-- Opening Marker --
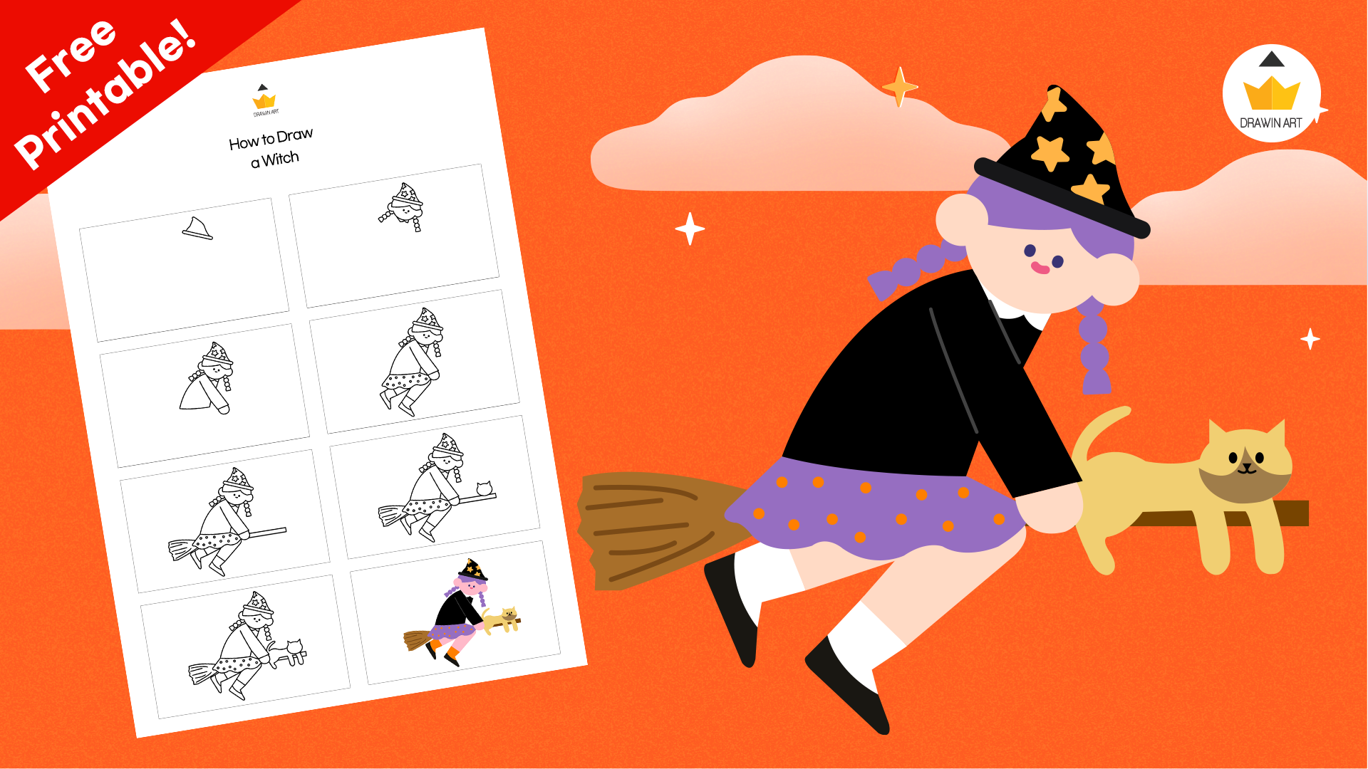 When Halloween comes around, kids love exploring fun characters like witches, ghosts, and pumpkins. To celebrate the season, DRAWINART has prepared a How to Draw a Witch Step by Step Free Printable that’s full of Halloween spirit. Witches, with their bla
-- Closing Marker --
-- Opening Marker --
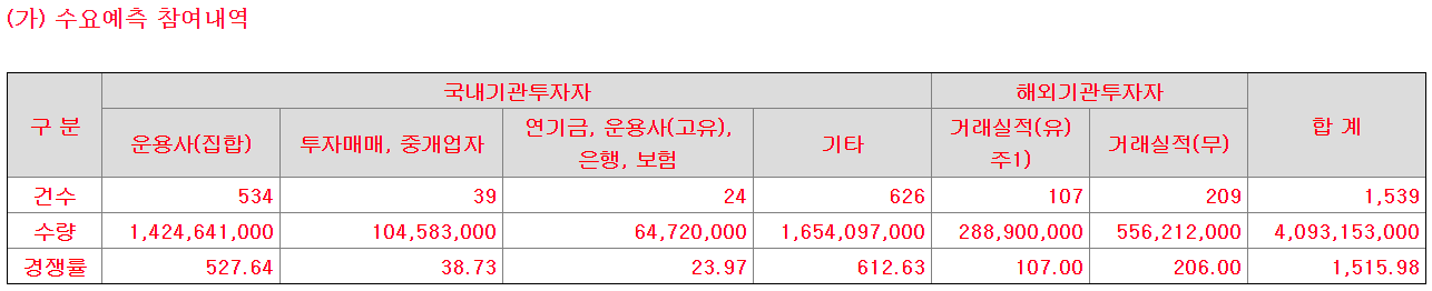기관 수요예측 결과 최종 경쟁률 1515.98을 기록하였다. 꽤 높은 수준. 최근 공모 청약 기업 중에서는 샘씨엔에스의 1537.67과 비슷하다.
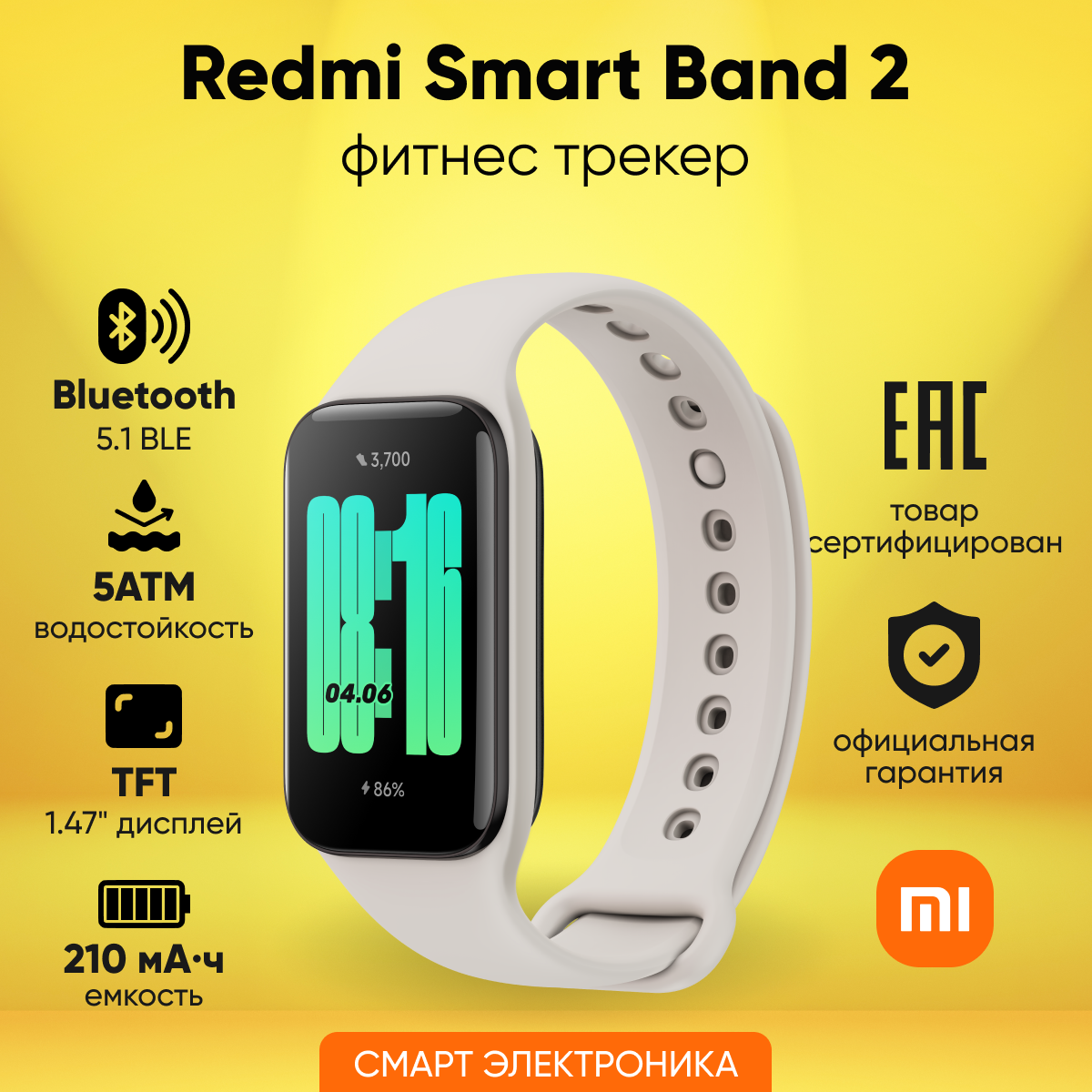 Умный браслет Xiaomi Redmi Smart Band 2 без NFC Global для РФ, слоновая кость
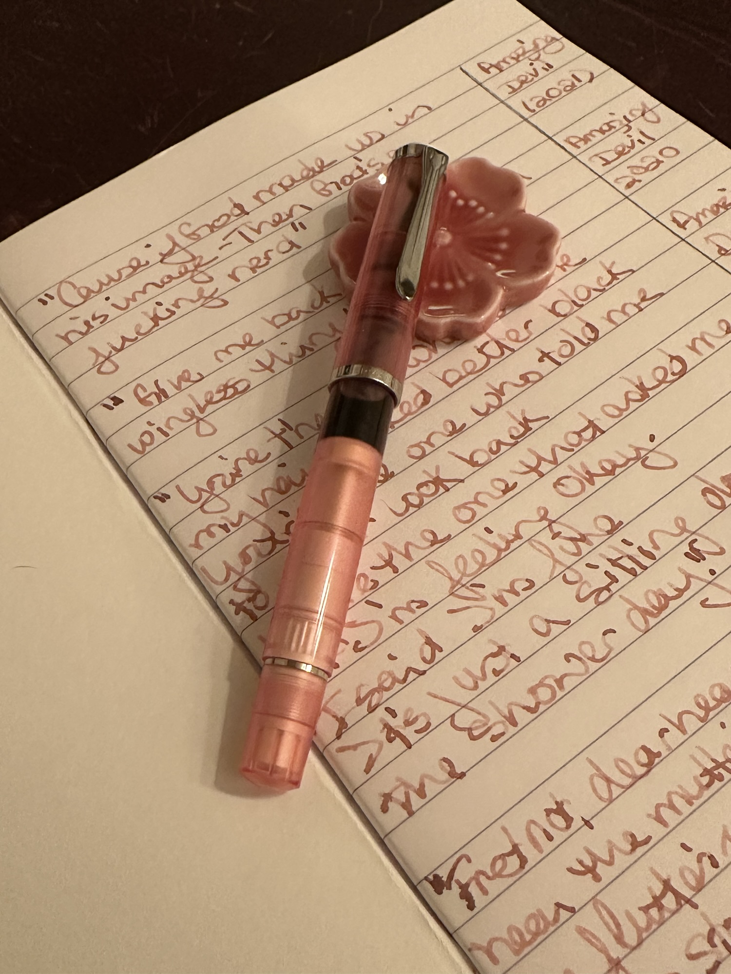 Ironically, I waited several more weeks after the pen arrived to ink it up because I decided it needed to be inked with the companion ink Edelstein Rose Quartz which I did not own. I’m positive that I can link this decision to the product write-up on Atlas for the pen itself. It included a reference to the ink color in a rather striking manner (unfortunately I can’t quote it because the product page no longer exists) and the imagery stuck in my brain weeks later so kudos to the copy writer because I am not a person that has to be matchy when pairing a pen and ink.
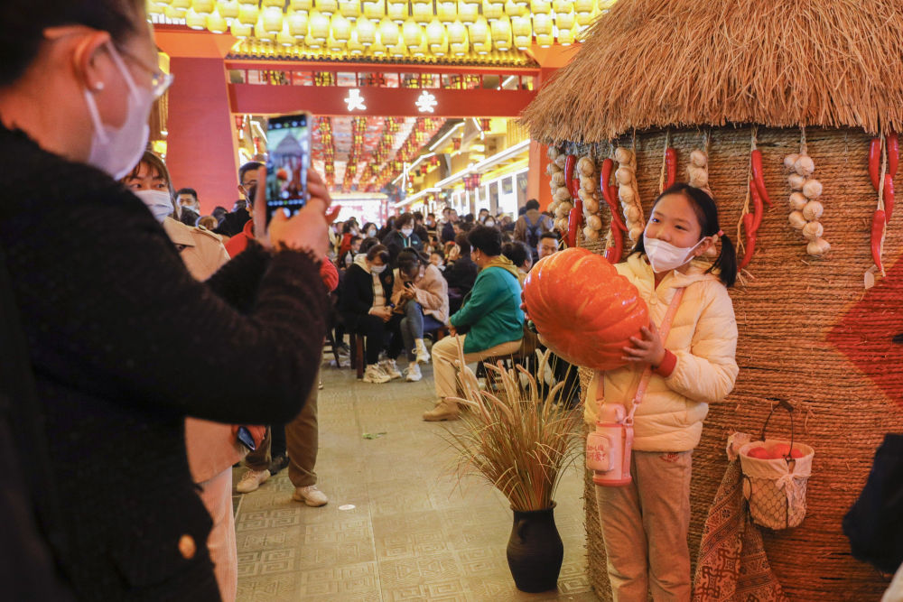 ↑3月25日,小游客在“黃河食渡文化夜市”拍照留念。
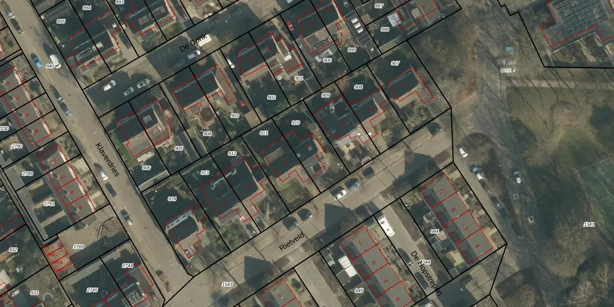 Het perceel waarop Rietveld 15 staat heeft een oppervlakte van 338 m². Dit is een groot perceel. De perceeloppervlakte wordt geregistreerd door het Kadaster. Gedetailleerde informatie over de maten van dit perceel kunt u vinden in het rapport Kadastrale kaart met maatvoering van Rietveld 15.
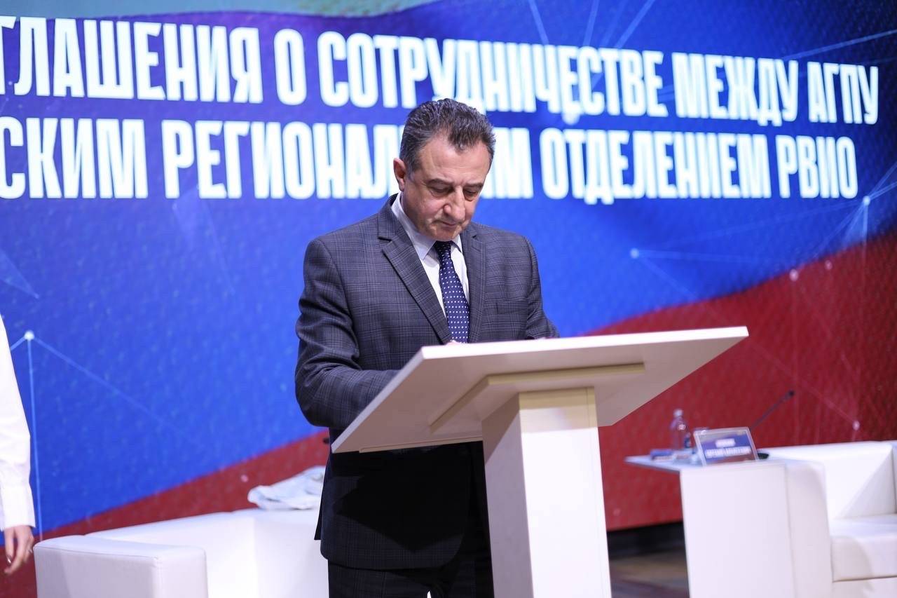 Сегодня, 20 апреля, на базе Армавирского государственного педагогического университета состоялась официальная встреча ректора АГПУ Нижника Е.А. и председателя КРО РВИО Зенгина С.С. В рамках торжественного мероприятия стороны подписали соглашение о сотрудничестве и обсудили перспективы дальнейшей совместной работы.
-- Closing Marker --
-- Opening Marker --
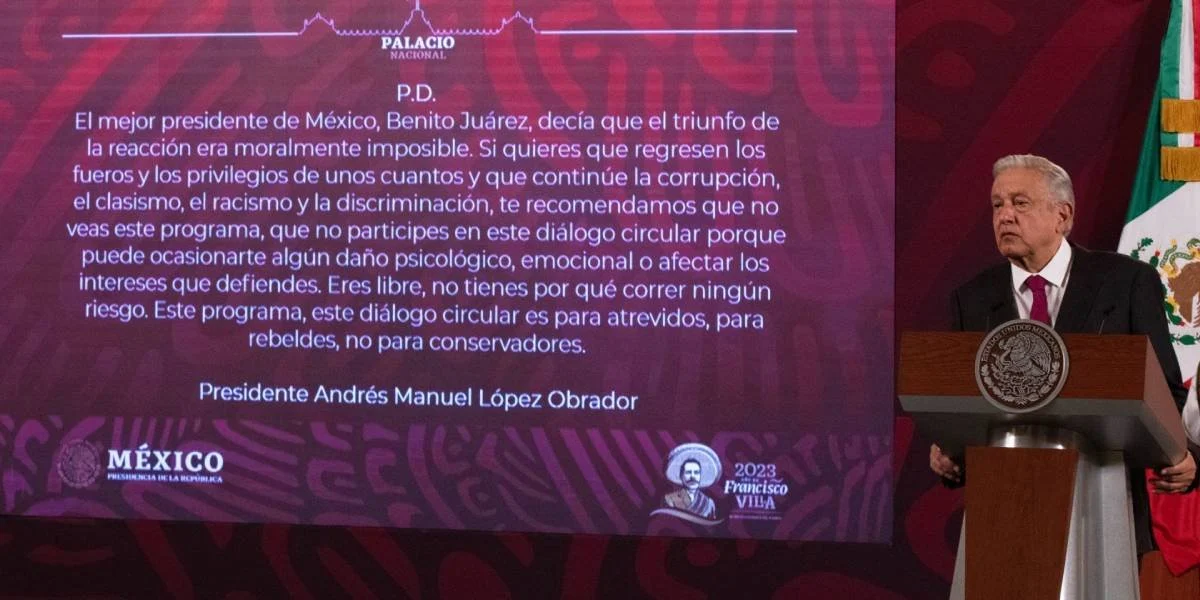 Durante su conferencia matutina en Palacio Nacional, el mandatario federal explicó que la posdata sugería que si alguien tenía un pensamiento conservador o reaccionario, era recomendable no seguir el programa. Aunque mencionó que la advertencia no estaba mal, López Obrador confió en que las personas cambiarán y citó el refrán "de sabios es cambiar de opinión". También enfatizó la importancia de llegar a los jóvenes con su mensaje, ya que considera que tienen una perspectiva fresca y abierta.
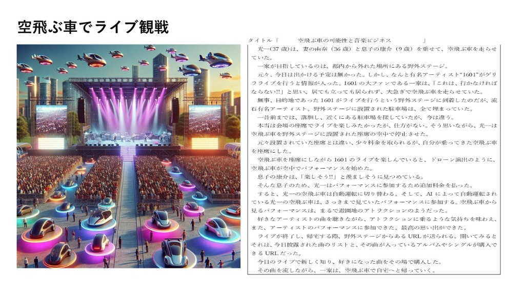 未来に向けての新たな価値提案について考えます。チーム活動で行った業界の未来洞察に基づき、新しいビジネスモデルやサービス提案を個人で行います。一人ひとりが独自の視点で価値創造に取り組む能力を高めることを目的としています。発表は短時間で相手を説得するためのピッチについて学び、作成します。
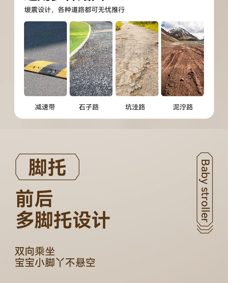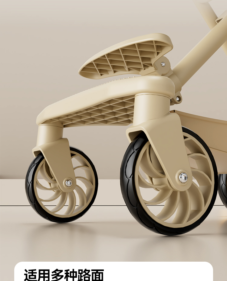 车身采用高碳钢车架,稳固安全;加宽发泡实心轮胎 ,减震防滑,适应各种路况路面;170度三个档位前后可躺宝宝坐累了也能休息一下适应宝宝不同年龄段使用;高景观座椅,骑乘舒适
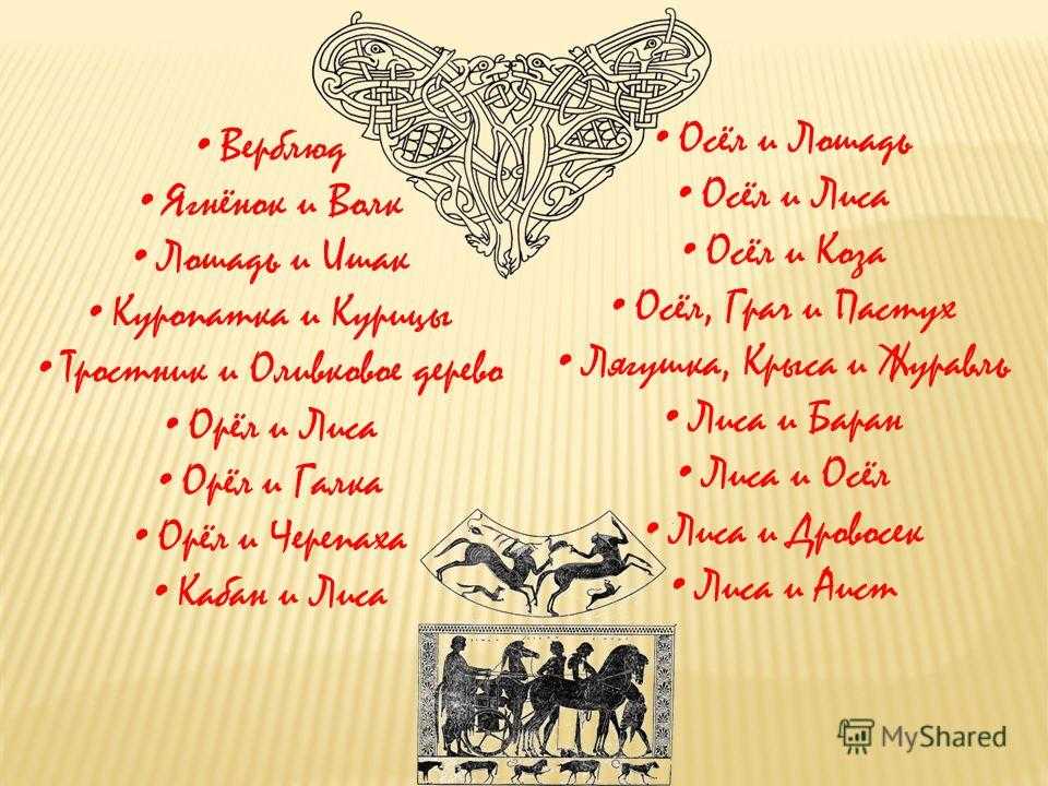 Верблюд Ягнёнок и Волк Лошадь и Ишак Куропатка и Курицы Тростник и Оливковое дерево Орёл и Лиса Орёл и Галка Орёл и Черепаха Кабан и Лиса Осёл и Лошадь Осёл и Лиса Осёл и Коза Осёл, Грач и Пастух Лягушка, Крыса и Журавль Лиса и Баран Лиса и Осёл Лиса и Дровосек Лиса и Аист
-- Closing Marker --
Your answer should consist of the lines above between those holding "Ironically, I waited" and "Сегодня, 20 апреля, на", inclusive, reproduced word for word and without pictures.

 Ironically, I waited several more weeks after the pen arrived to ink it up because I decided it needed to be inked with the companion ink Edelstein Rose Quartz which I did not own. I’m positive that I can link this decision to the product write-up on Atlas for the pen itself. It included a reference to the ink color in a rather striking manner (unfortunately I can’t quote it because the product page no longer exists) and the imagery stuck in my brain weeks later so kudos to the copy writer because I am not a person that has to be matchy when pairing a pen and ink.
 ↑3月25日,小游客在“黃河食渡文化夜市”拍照留念。
 Het perceel waarop Rietveld 15 staat heeft een oppervlakte van 338 m². Dit is een groot perceel. De perceeloppervlakte wordt geregistreerd door het Kadaster. Gedetailleerde informatie over de maten van dit perceel kunt u vinden in het rapport Kadastrale kaart met maatvoering van Rietveld 15.
 Сегодня, 20 апреля, на базе Армавирского государственного педагогического университета состоялась официальная встреча ректора АГПУ Нижника Е.А. и председателя КРО РВИО Зенгина С.С. В рамках торжественного мероприятия стороны подписали соглашение о сотрудничестве и обсудили перспективы дальнейшей совместной работы.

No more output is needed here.